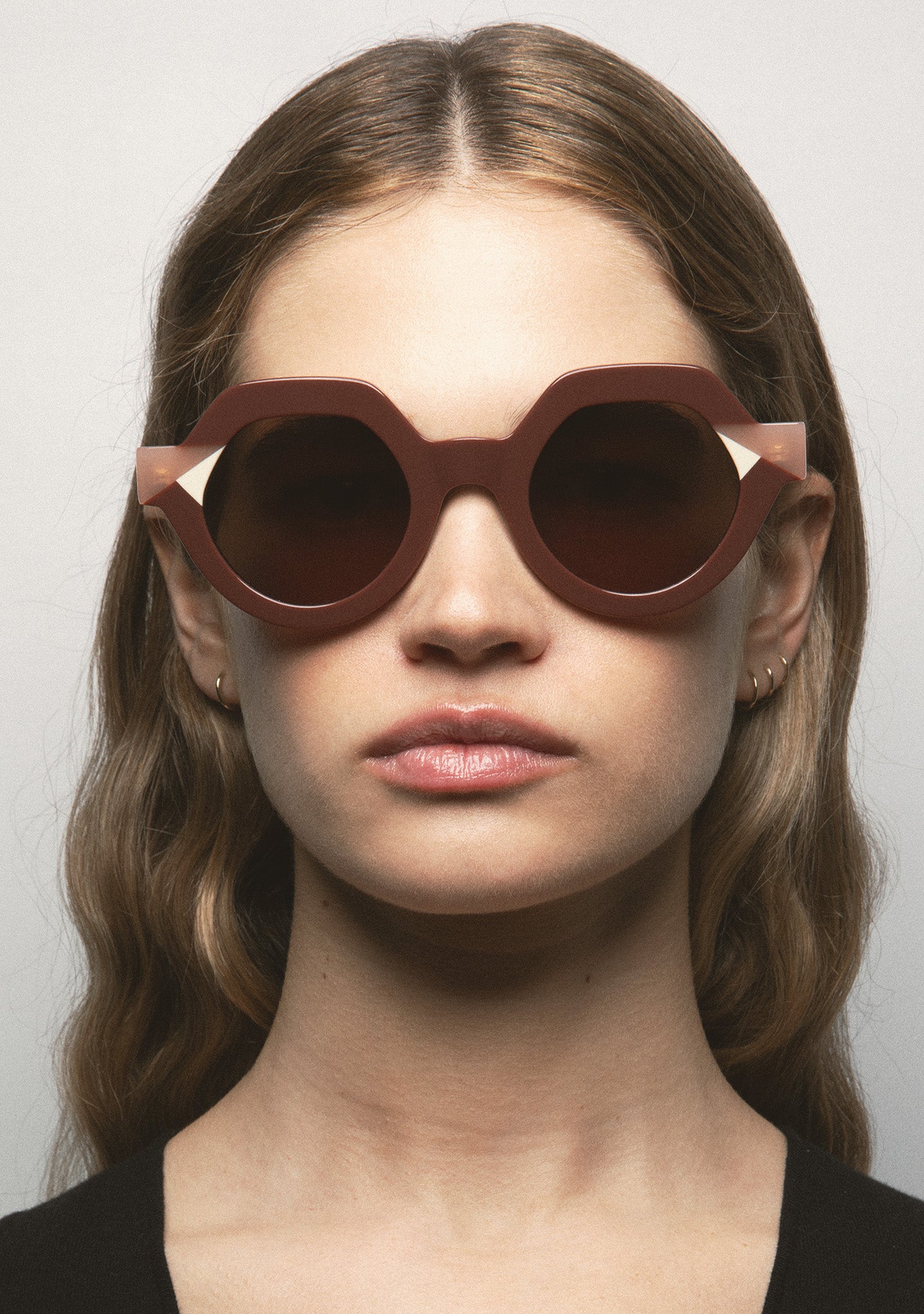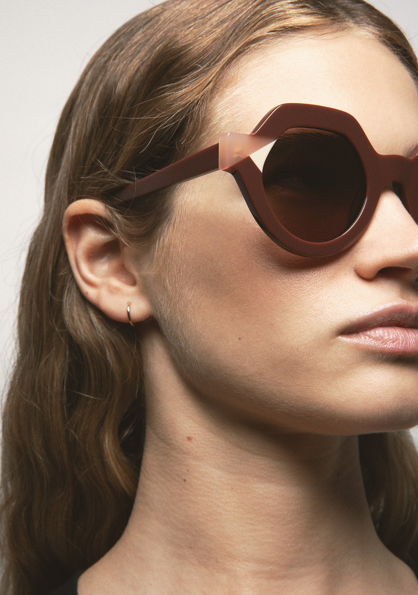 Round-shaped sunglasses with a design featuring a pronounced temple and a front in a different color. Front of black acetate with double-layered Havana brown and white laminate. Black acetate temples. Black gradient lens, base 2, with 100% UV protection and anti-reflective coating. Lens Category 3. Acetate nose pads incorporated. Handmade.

-=-=-=-=-

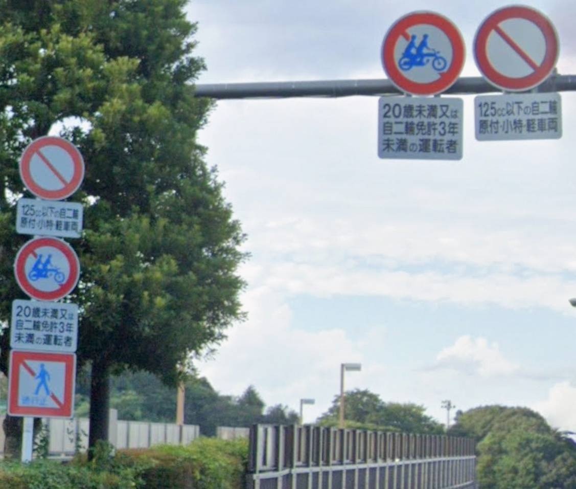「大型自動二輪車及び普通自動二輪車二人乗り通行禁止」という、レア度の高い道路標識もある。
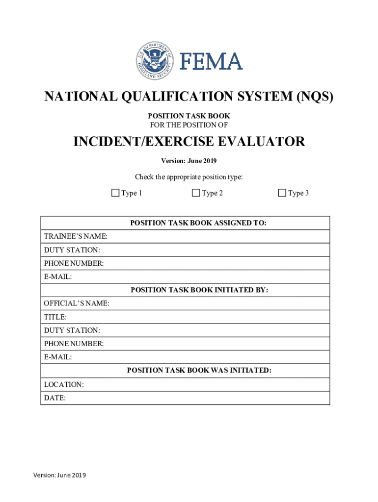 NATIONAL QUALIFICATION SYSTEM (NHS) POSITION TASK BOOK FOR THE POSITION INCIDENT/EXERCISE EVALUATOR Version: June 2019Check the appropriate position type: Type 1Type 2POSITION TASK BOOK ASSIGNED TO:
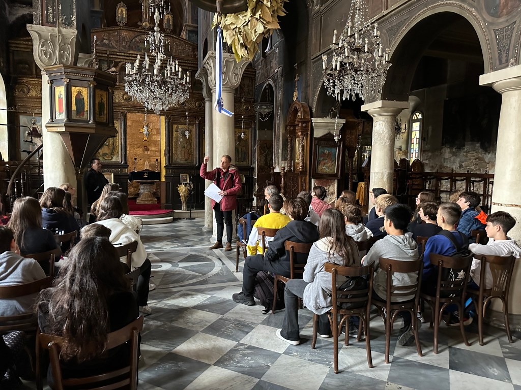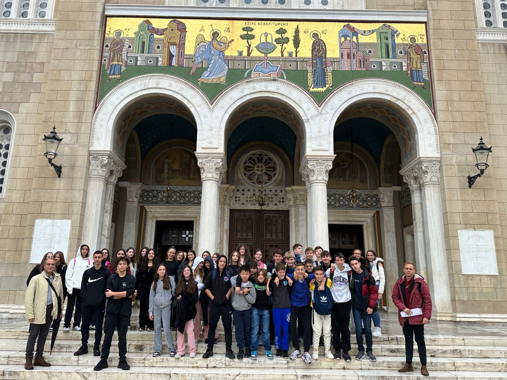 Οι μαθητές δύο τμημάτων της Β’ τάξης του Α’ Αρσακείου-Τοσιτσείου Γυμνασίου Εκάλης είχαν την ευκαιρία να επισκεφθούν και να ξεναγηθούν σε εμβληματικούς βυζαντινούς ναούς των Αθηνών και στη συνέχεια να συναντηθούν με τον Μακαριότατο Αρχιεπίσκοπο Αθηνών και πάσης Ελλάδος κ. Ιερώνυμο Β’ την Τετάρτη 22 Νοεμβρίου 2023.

-=-=-=-=-

*Your objective*:
Of the lines above, copy only those from the one holding "NATIONAL QUALIFICATION SYSTEM" to the one holding "Οι μαθητές δύο", both included, and exclude every image.

*Task response*:
 NATIONAL QUALIFICATION SYSTEM (NHS) POSITION TASK BOOK FOR THE POSITION INCIDENT/EXERCISE EVALUATOR Version: June 2019Check the appropriate position type: Type 1Type 2POSITION TASK BOOK ASSIGNED TO:
 Οι μαθητές δύο τμημάτων της Β’ τάξης του Α’ Αρσακείου-Τοσιτσείου Γυμνασίου Εκάλης είχαν την ευκαιρία να επισκεφθούν και να ξεναγηθούν σε εμβληματικούς βυζαντινούς ναούς των Αθηνών και στη συνέχεια να συναντηθούν με τον Μακαριότατο Αρχιεπίσκοπο Αθηνών και πάσης Ελλάδος κ. Ιερώνυμο Β’ την Τετάρτη 22 Νοεμβρίου 2023.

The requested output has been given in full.